When it comes to managing inspections, an RBI program is a great first step after a time-based program in the evolution of inspection program maturity. However, when it comes to further optimizing and improving system reliability performance, we need to look at the next evolution after RBI. Specific limitations currently include the following:

  • RBI does not calculate absolute risk; rather, it calculates relative risk, which is used to drive inspection priorities rather than provide an objective cost/benefit analysis. In addition, knock-on effects typically are not considered.
  • RBI models are typically very conservative due to core assumptions around generic failure frequencies, and debits are applied for lack of data or information, the calculation of probability for failure, and consequence of failure—particularly around health, safety, and environmental (HSE) risks. Additionally, over-conservatism often leads to dubious financial risk numbers where financial output is used. Once financial risk is used, most managers forget the results are based on relative instead of absolute risk (i.e., the dollar projections are relative).
  • RBI only calculates loss of containment risk (not functional failure) and helps drive inspection priorities accordingly.
  • RBI calculations occur on an asset-by-asset bases and do not relate to the overall performance of the system, unit, or facility.
  • RBI cannot be used to optimize an entire system, unit, or facility’s reliability strategy based on availability, cost, and resource constraints.
  • RBI does not help quantify the value of data collection or help with sensitivity analysis of required data for calculations beyond manual Iteration of values from the user.

What Does the Future of Reliability Data Look Like?

RBI, among other reliability technologies, has helped the industry become not only more reliable and safer, but more cost effective in deploying resources. However, the industry is continuing to see major advancements in data acquisition, processing, warehousing, modeling, curation, and analytics. With these capabilities in hand, we now have the opportunity to take the next leap in reliability analysis, allowing us to further improve reliability while decreasing total maintenance and inspection spend.
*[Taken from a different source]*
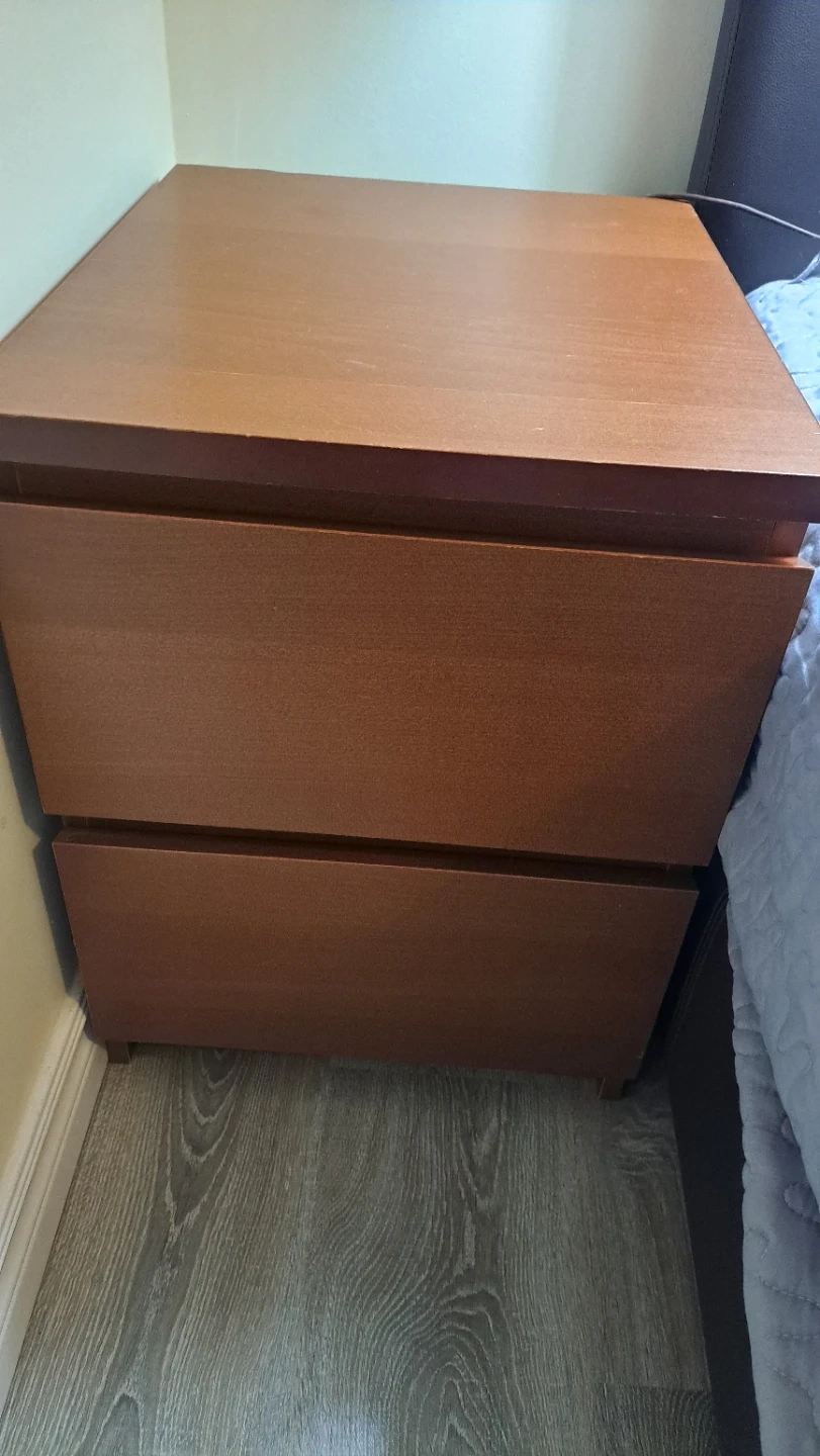 Selling two Ikea 2-drawer nightstand with a wood-look finish. It's perfect for keeping essentials handy next to your bed. Some minor wear is visible on the top edge.

This leap is made possible through Quantitative Reliability Optimization (QRO). QRO is an approach to reliability modeling which connects every relevant reliability data point at a complex facility to one integrated model, enabling near real-time effective decision making for complex systems. QRO allows users to do things such as:

  • Optimize, in near real-time, all maintenance spend based on short/mid/long-term reliability targets.
  • Understand the economic value of every inspection or maintenance activity performed.
  • Understand the economic value of every piece of data that is currently being gathered or could possibly be gathered in the future.
  • Near real-time scenario modeling, including the implications of moving a turnaround, changing feedstock pricing, or introducing various capital projects.
  • Drive effective economic decisions in the event of reliability based operating excursions.